However, there are a number of differences between CDS and insurance, for example:
* the seller need not be a regulated entity, this, perhaps, increases counter party risk,
* in the United States CDS contracts are generally subject to mark to market accounting, introducing income statement and balance sheet volatility that would not be present in an insurance contract, and
* generally Hedge Accounting is not available under US GAAP, this also increases income statement and balance sheet volatility.
The buyer of a CDS does not need to own the underlying security or other form of credit exposure; in fact the buyer does not even have to suffer a loss from the default event. Generally, to purchase insurance the insured is expected to have an insurable interest such as owning a debt.

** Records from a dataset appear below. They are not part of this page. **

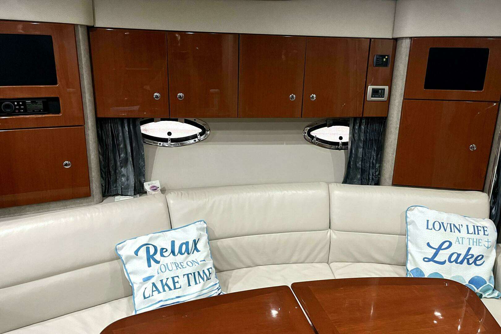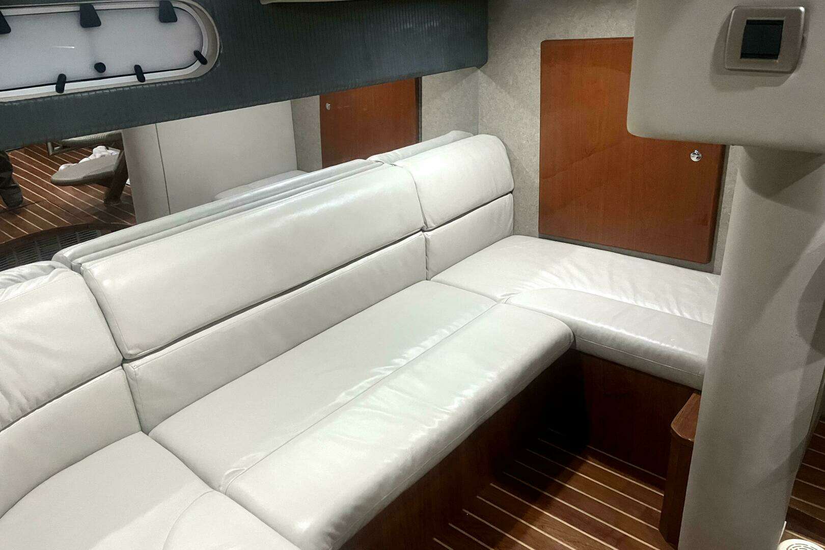 - Two cedar-lined forward stateroom hanging lockers w/automatic lights • Curved UltraleatherTM sofa seating w/dual-height, high-gloss wood cherry dining tables & filler cushions
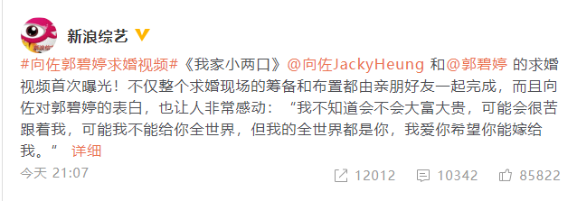 Tối ngày 6/7, trong chương trình tống nghệ Mr & Mrs (我家小两口), đoạn Hướng Tả cầu hôn Quách Bích Đình đã được công khai. Hướng Tả đã ngọt ngào bày tỏ: “Anh không biết sẽ giàu sang, phú quý hay không, có thể theo anh, em sẽ rất khổ cực, có thể anh không cho em được cả thế giới nhưng cả thế giới của anh đều là em, anh hi vọng em có thể gả cho anh”.
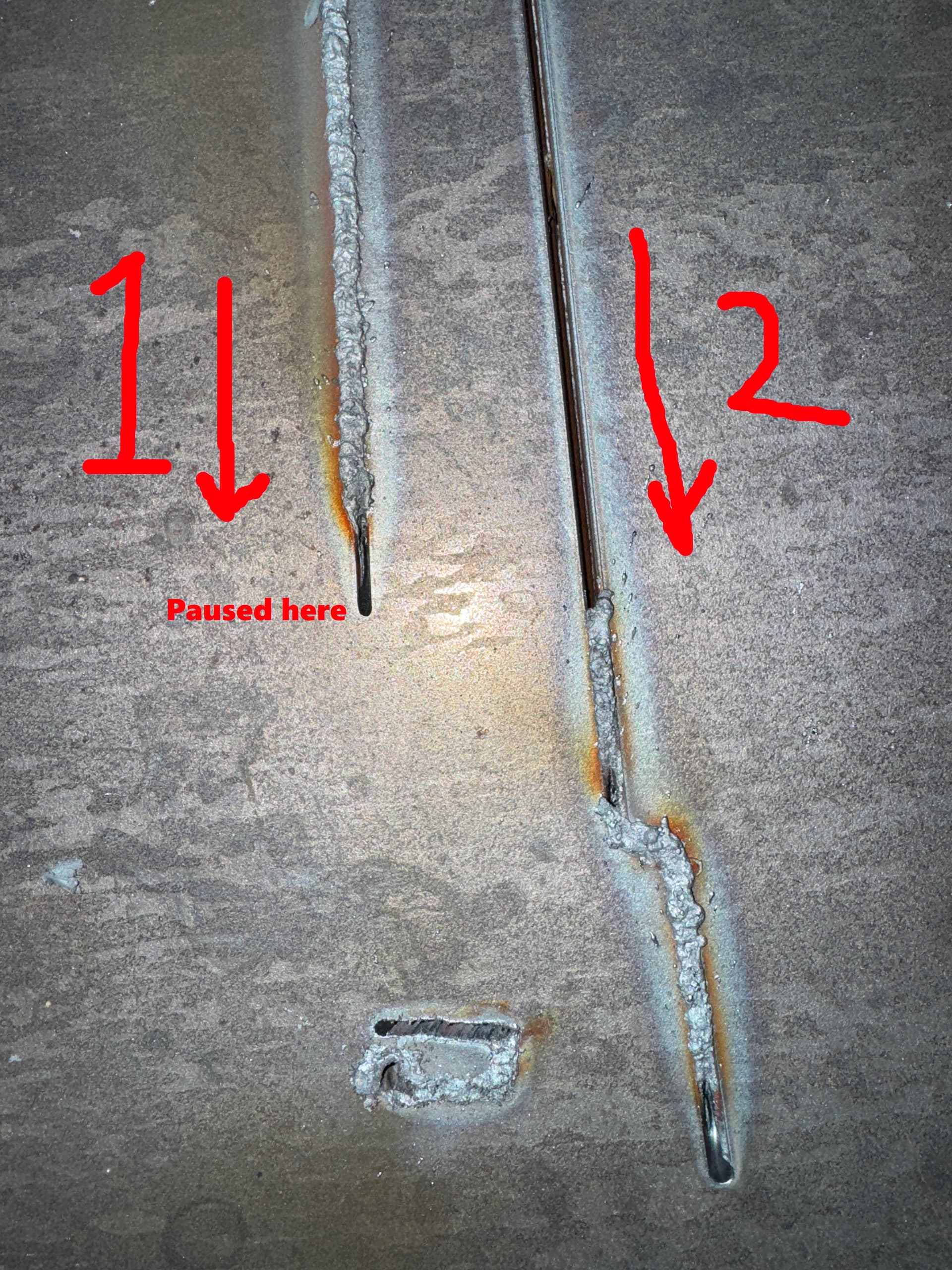 Triple checked everything and went for the dive to cut the actual piece which is 2 ft long. Consisting of three traces, Cutter started the first trace solid the first 18 or so inches then the surface started bubbling up and penetration failed. I could have stopped the program but I let it run its course. The trace looped around and another 18 inches later, I decided to pause the system as the bubbling was causing a lot of spark. Right before I paused, I noticed the arc somehow stabilized and started cutting clean. Regardless, I replaced to fresh tips before trace 2.

The Bank for International Settlements recently reported that total derivatives trades exceeded one quadrillion dollars - that's 1,000 trillion dollars -roughly about 17 times the gross domestic product of all the countries in the world combined.
Originally posted by dingleberry77
I've heard a lot about these over the last few months, but when is this bubble going to burst?
Will it be a slow trickle or a huge bang?
Here's the basic approach:
* The US Treasury would tender for all of the private label CDO/MBS extending between a range of dates, say 2004 forward to year-end 2007, representing trillions of dollars in assets held by investors and banks globally. The pricing on this paper will reflect current market prices, but say the average price was 50% of face value. Only issues that actually have an enforcable legal claim to collateral will be eligible. Derivative structures without collateral will not be eligible.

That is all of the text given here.